Work item:
Starting with the line that has "[In Memory Of" in the records below and ending with the line that has "Размер: 85*55*105 см.", output those lines exactly and nothing more; omit the pictures.

Dataset entries:
*** Block opens ***

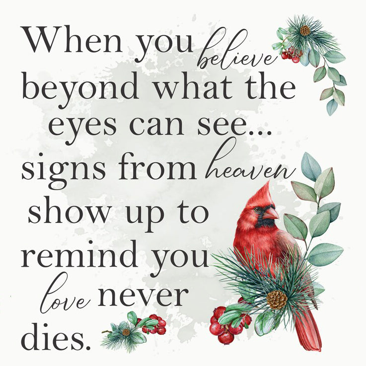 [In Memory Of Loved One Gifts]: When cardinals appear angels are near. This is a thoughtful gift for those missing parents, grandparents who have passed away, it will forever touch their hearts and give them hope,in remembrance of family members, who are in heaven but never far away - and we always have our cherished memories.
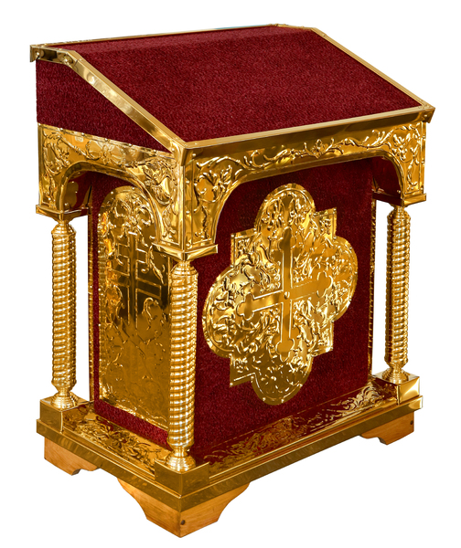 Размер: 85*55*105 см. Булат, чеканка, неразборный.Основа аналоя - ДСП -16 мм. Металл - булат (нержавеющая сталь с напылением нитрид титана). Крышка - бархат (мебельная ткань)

*** Block closes ***
*** Block opens ***

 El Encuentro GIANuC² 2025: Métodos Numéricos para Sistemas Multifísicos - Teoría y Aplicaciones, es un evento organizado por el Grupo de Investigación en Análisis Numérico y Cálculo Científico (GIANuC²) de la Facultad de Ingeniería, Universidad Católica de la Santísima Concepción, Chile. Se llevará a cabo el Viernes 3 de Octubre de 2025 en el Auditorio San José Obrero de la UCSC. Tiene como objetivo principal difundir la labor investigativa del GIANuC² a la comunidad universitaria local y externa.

*** Block closes ***
*** Block opens ***

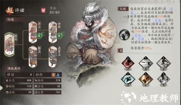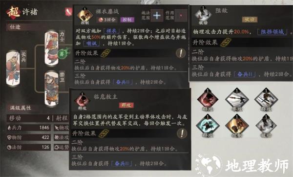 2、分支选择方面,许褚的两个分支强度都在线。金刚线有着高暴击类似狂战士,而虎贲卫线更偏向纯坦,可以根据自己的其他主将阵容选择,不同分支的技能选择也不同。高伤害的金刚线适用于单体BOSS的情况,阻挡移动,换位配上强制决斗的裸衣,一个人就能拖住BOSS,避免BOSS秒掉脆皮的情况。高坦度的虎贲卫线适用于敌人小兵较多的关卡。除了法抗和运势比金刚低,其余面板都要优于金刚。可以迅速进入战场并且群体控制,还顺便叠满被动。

*** Block closes ***

Output of the exercise:
 [In Memory Of Loved One Gifts]: When cardinals appear angels are near. This is a thoughtful gift for those missing parents, grandparents who have passed away, it will forever touch their hearts and give them hope,in remembrance of family members, who are in heaven but never far away - and we always have our cherished memories.
 Размер: 85*55*105 см. Булат, чеканка, неразборный.Основа аналоя - ДСП -16 мм. Металл - булат (нержавеющая сталь с напылением нитрид титана). Крышка - бархат (мебельная ткань)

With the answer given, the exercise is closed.